3. The dot product of two vectors \(\vec{a} \cdot \vec{b} = |\vec{a}| |\vec{b}| \cos\theta \).
4. Since \(\vec{a}\) and \(\vec{b}\) are unit vectors, \( |\vec{a}| = 1 \) and \( |\vec{b}| = 1 \).

Step 3: Detailed Explanation:
Let \(\vec{v} = \sqrt{3}\vec{a} - \vec{b}\).
Since \(\vec{v}\) is a unit vector, \( |\vec{v}|^2 = 1 \).
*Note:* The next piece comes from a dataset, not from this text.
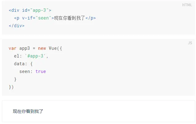 <p v-if="seen">现在你看到我了</p>这里,v-if 指令将根据表达式 seen 的值的真假来插入/移除 <p> 元素。(也就是说用v-if后面的属性值(true/flase)来控制元素(p标签)是否显示。

\[ |\sqrt{3}\vec{a} - \vec{b}|^2 = 1 \]
Expand the square of the magnitude using the dot product property:
\[ (\sqrt{3}\vec{a} - \vec{b}) \cdot (\sqrt{3}\vec{a} - \vec{b}) = 1 \]
\[ (\sqrt{3}\vec{a}) \cdot (\sqrt{3}\vec{a}) - 2(\sqrt{3}\vec{a} \cdot \vec{b}) + \vec{b} \cdot \vec{b} = 1 \]
\[ (\sqrt{3})^2 |\vec{a}|^2 - 2\sqrt{3} (\vec{a} \cdot \vec{b}) + |\vec{b}|^2 = 1 \]
Since \(\vec{a}\) and \(\vec{b}\) are unit vectors, \( |\vec{a}|^2 = 1 \) and \( |\vec{b}|^2 = 1 \).
\[ 3(1) - 2\sqrt{3} (\vec{a} \cdot \vec{b}) + 1 = 1 \]
\[ 4 - 2\sqrt{3} (\vec{a} \cdot \vec{b}) = 1 \]
\[ 3 = 2\sqrt{3} (\vec{a} \cdot \vec{b}) \]
Now, substitute \(\vec{a} \cdot \vec{b} = |\vec{a}| |\vec{b}| \cos\theta = (1)(1)\cos\theta = \cos\theta \):
\[ 3 = 2\sqrt{3} \cos\theta \]
Solve for \(\cos\theta\):
\[ \cos\theta = \frac{3}{2\sqrt{3}} = \frac{3\sqrt{3}}{2 \times 3} = \frac{\sqrt{3}}{2} \]
The angle \(\theta\) whose cosine is \( \frac{\sqrt{3}}{2} \) is \( 30^{\circ} \) or \( \pi/6 \) radians.

Step 4: Final Answer:
The angle between \(\vec{a}\) and \(\vec{b}\) is \(\pi/6\). This corresponds to option (a).